On 10-year anniversary of legal gay marriage in U.S., Obergefell says fight isn’t over

Jim Obergefell, the plaintiff in the Supreme Court’s landmark same-sex marriage case, urges LGBTQ advocates not to let their guards down.
A decade after the Supreme Court’s historic Obergefell v. Hodges decision legalized same-sex marriage nationwide, some advocates fear the fight for marriage equality is far from over. Among them is Jim Obergefell, the plaintiff in the case, who became the face of the 2015 decision and has continued to advocate for LGBTQ rights.
“Ten years later, I certainly wasn’t expecting to be talking about the threats to marriage equality, the potential for Obergefell to be overturned,” Obergefell told NBC News in an interview.
The 2015 ruling was a turning point for LGBTQ rights.

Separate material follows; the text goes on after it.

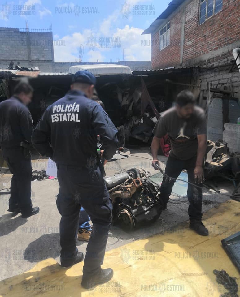 Texcoco, Estado de México, 19 de septiembre de 2019.- Elementos de la Secretaría de Seguridad (SS), en coordinación con personal de la Fiscalía General de Justicia (FGJEM), cumplimentaron una orden de cateo en un inmueble, donde presuntamente se desvalijaban y alteraban en medios físicos, vehículos con reporte de robo.
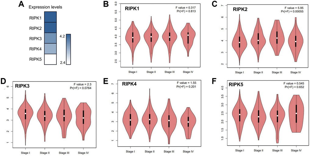 When evaluating the mRNA levels of the RIPK family in LUAD tissues, RIPK1 and RIPK2 turn out to be the top two expression gene, while RIPK5 expressed lowest (Figure 2A). Further, based on different pathological stages, the mRNAs levels of each RIPK members also analyzed respectively. Only RIPK2 expression positively correlated with pathological stage (p = 0.00055) (Figure 2C). No significant correlation observed in other RIPK family and pathological stages (p > 0.05, Figure 2B, 2D–2F). The data above implied that RIPK genes could participate in LUAD progression.

But Obergefell said he fears recent comments from conservative Supreme Court justices may signal a willingness to overturn it, particularly after the court overturned Roe v. Wade in 2022, ending the constitutional right to abortion.
“For 49 years, people grew up with that right, and then with the proverbial stroke of a pen on that decision, that right was taken away,” Obergefell said. “We have to learn from that.”
In his concurring opinion in Dobbs v. Jackson Women’s Health Organization, the case that overturned Roe, Justice Clarence Thomas explicitly mentioned Obergefell as a decision that the high court should reconsider, raising alarms among same-sex marriage advocates. Justice Samuel Alito, in a separate 2024 opinion, also expressed concerns about the Obergefell decision, warning that Americans who oppose same-sex marriage on religious grounds could be labeled as bigots.